Micron Stock Drops Despite Strong AI-Driven Earnings

Micron Technology reported strong AI-driven earnings growth, but its stock fell following the results as investors reacted to valuation concerns and supply constraints.

By Samantha Reed Published:

Micron Technology reported a sharp rise in revenue and profitability for its fiscal second quarter, driven by strong demand for memory used in artificial intelligence systems. Despite the results, the company’s stock declined roughly 15% in the days following the announcement.

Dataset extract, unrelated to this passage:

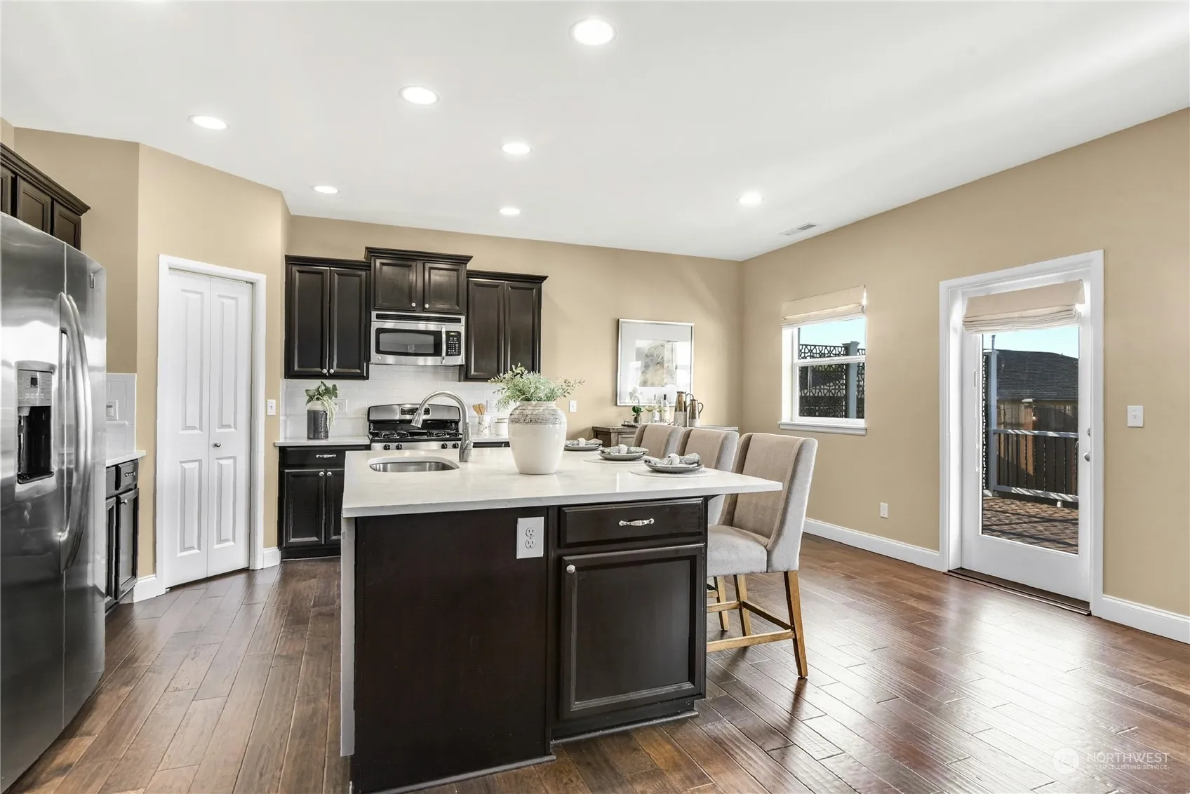 Welcome to Wynfield Meadows in Kenmore! This updated DR Horton home is in a quiet neighborhood and is ready to move in before school starts (Northshore SD). Enjoy year-round comfort with central A/C. Over $85k in upgrades: new hardwoods, carpet, quartz counters, kitchen backsplash, deck with Trex railing & Pottery Barn privacy screens, interior & exterior paint, baseboards, landscaping with sprinkler system, and more! The 3-car garage offers ample storage with built-in ceiling racks. Main floor boasts an open kitchen/living area, formal dining, and ½ bath. Upstairs: primary suite with 5-piece bath & territorial views, 3 additional bedrooms, and huge entertainment room. Easy access to Bellevue and Seattle. Pre-inspected for peace of mind!

Micron generated $23.86 billion in quarterly revenue, nearly tripling year-over-year, and issued guidance pointing to gross margins of around 80% in the next quarter. The performance reflects tight supply conditions in the memory market, where demand from AI chipmakers continues to outpace production capacity.

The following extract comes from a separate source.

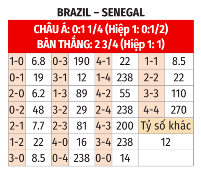 - Senegal thắng theo châu Á: Senegal thắng 6, hòa 1 ở 7 trận gần nhất; thắng 4/5 trận xa nhà gần đây. Trong khi Brazil thua 7/10 trận vừa qua. Do đó, những người yêu mến Senegal có thể đặt niềm tin vào họ ở trận này.

The company operates in a highly concentrated market alongside SK Hynix and Samsung Electronics, supplying high-bandwidth memory critical for processors from firms such as Nvidia and Advanced Micro Devices. These chips power large-scale AI workloads, including model training and inference.

Micron’s CEO noted that supply constraints remain significant, with some customers receiving only a portion of their required memory. The imbalance has supported pricing and margins but also highlights ongoing capacity limitations across the semiconductor supply chain.

Analysts from firms including Bank of America, Morgan Stanley, and JPMorgan Chase raised their price targets following the report. However, investor concerns about peak margins, capital expenditure, and recent stock gains contributed to profit-taking.